Texas bill would require community service for college students
Students would have to complete 20 hours to graduate
On Tuesday State Representative Trey Martinez Fischer (D - San Antonio) filed House Bill 22, which would require students at state universities to perform 20 hours of community service in order to receive a baccalaureate degree or a certificate for an undergraduate program requiring at least 60 semester credit hours.
“I'm fine with that,” said UTSA student Ian Macray. “I actually have quite a bit of community service that I do so it’s a good idea to get students out in the community.”
Students would be allowed to pick from a list of government entities, non-profit organizations, or pitch their own ideas to a university office responsible for monitoring the program.
Most college campuses provide plenty of opportunities for students to do volunteer work, be it through fraternities and sororities, or campus clubs.

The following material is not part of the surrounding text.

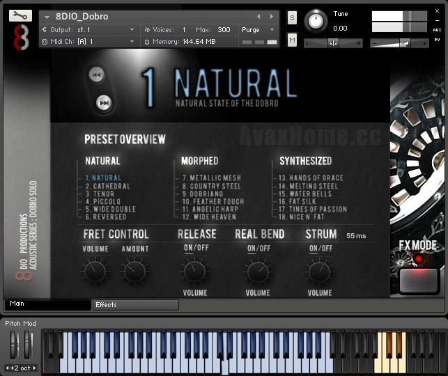 多勃罗是一个热情的,深采样的原始声音的美国多勃罗。我们详细记录了多勃罗,包括数百个自然的烦恼和释放噪音,真正的音符上下弯曲。此外,我们还记录了自然结构的样品,所以你可以玩的一切在一个结构的方式。多布罗有18个核心补丁分为自然,变形和合成类。自然类包含自然多勃罗、男高音和短笛多勃罗——而变形类包含多勃罗与其他乐器(如大钢琴、钢弦吉他、曼陀林和更为异国风格的乐器)的混合。合成类包括混合了不同类型合成物的多勃罗。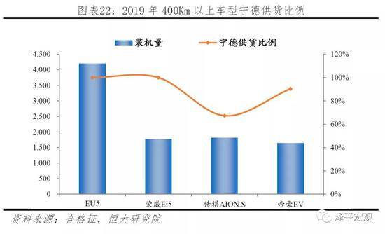 2018至2019年,随着补贴政策对能量密度要求不断提高,电池由低端三元向高端三元转变,宁德装机增长主要源于400km以上车型。2018年政策降低低续航车型补贴,提高高续航车型补贴,能量密度要求105Wh/kg:150-250km补贴由3.6万降低到2.4万,250-300km由4.4万下降至3.4万,300km以上补贴由4.4万上升至4.5万,一倍补贴的标准由90Wh/kg提升至120Wh/kg;2019年,补贴政策全面退坡,能量密度要求提升至125 Wh/kg:250km以下补贴全面取消,高续航车型地方补贴全面取消,国补也降低50%以上,1倍补贴能量密度要求提升至160Wh/kg。2017-2019年新车推荐目录中,电池平均能量密度由100Wh/kg逐步达到160Wh/kg。宁德率先量产NCM811三元电池且是当时唯一能大规模供应高能量密度电池的企业,在300-400km、400km以上车型装机市占率不断提高。2019年销量排行前10的车型中,共6款车续航超过400km,除2款比亚迪自供外,其余均为宁德主供,其中北汽EU5、上汽荣威Ei5全部电池均为宁德提供,广汽传祺AION.S和吉利帝豪EV宁德供应占比分别为67%和90%。

But some students said the most difficult part of fulfilling the requirement would be finding the time to fit it into their busy schedules.
“To make it mandatory is really preposterous,” said Texas State University senior Larnell Anderson. “People have schedules and different times and places they need to be all the time.”
If approved the requirement would not go into effect until the 2015-2016 school year. While still in its infancy, the bill is receiving mixed reviews on area campuses.
Current students said the requirement could keep some people from attending Texas schools, but admitted most students would do whatever it takes to graduate.
“Studying, working, commuting, driving, anything you got to do takes up a lot of time,” said TSU senior Eric Fuentes. “But over the course of 4 years, it might not be too bad.”